Boy Scouts accused of "long history" of sexual abuse in lawsuit

SANTA BARBARA, Calif. - The sexual abuse of a 13-year-old Boy Scout by an adult volunteer was part of a "sordid history of child sexual abuse" within the organization that has been documented internally for nearly a century, the victim's attorney said Monday in his opening statement at a civil trial in California.

The Scout, now 20, has sued the Boy Scouts of America and a local scouting council for punitive damages after being molested by a volunteer leader in 2007. He claims in his negligence lawsuit that the Scouts failed to educate, train and warn parents and adult volunteers about the dangers of sex abuse.

His attorney, Tim Hale, won the right to draw from more than 30 years of "perversion" files kept by the Scouts as evidence at trial to support those allegations. The files cleared for use by Santa Barbara Superior Court Judge Donna D. Geck include 16 years of documents - from 1991 to 2007- that have never been seen before.

Hale told the jury that when the case is over they will receive a CD of 100,000 pages of files to review and will be the first people in the U.S. outside Scout leadership and attorneys to see the documents.

Hale said in his opening remarks that the Scouts recorded between 9,000 and 10,000 such files between 1920 and 2007. An attorney for the Scouts put the number at 7,500; the discrepancy wasn't explained.

"The Boy Scouts of America has a long and sordid history of child sexual abuse committed against young Scouts . committed by Scout leaders and that timeline goes back, the files show, until at least the 1920s," he said.

"What has not been going on is notice to the public and notice to (the plaintiff) and his parents," the lawyer added.

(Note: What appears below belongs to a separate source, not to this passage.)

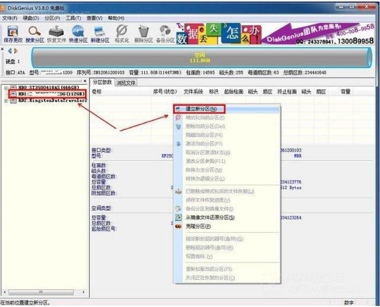 1. 首先在电脑或PE工具中,打开DiskGenius软件,然后在左侧,选中需要分区的新硬盘,之后可以看到,上方显示的是空闲的灰色条,右键点击这个灰色条,选择建立新分区。

The plaintiff in the lawsuit testified later in the day that he suffered a bruise and a laceration in the assault at a Christmas tree lot and still suffers from anxiety, depression and post-traumatic stress disorder.

He returned to the lot with a hidden tape recorder several days later to try to get a confession and was partially successful, he said, when the volunteer asked the teen if he had told his mother.

"It was a 13-year-old's word over a Scout leader, an adult," said the victim, who remained composed on the stand. "He was someone people looked up to."

The plaintiff later quit his beloved game of baseball, stopped hanging out with friends and stayed in his room. He eventually began home schooling because he saw the volunteer sitting in a car outside his high school about five times as the criminal case proceeded.

"I felt scared. I felt like he was coming after me," the victim told jurors, adding that he threw up once in public when he unexpectedly saw the man.

The victim's name is being used in court, but The Associated Press does not generally name victims of sexual abuse.

An attorney for the Boy Scouts said in his opening statement that the "perversion" files were created to keep children safe by maintaining a master list of people ineligible to volunteer with the Scouts.

The organization acknowledges mistakes in the way sex abuse allegations were handled in the past but now has a robust child protection program, attorney Nicholas Heldt said.

From 2003 to 2007, a key period for the lawsuit, only 27 adult volunteers were kicked out annually for sexually abusing Scouts, although there were at least 1.5 million volunteers nationally, he said.

When the plaintiff was abused, the youth protection training worked because the boy recognized the abuse, resisted and told his mother, Heldt said. She, in turn, told local Scout leaders who informed law enforcement.

"This case is about training and whether training would have made a difference," he told jurors.

"I think this is a case in which the one instance of sexual abuse against (the plaintiff) could not have been prevented, and it wasn't prevented," he said. "But the training program may have helped prevent the second or the third instance of sexual abuse."

The records allowed by the judge could reveal how much the national organization has improved its efforts to protect children and report abuse after several high-profile cases sparked the youth protection policy in the late 1980s.

Previous large verdicts against the Scouts focused on cases where alleged abuse occurred before the policy was put in place.

In 2012, the Oregon Supreme Court ordered the Scouts to make public a trove of files from 1965 to 1985. The records showed that more than one-third of abuse allegations never were reported to police and that even when authorities were told, little was done most of the time.

The current lawsuit alleges that Scouts volunteer Al Stein, now 37, pulled down the plaintiff's pants when he was 13 and fondled him while the two worked in the Christmas tree lot.

Stein pleaded no contest to felony child endangerment in 2009 and was sentenced to probation. He served time in prison after authorities discovered photos of naked children on his cellphone.

Under the judge's ruling, records that Hale does not use in open court will remain sealed.

After trial, the plaintiff's counsel and other interested parties can petition the court for the release of all the files.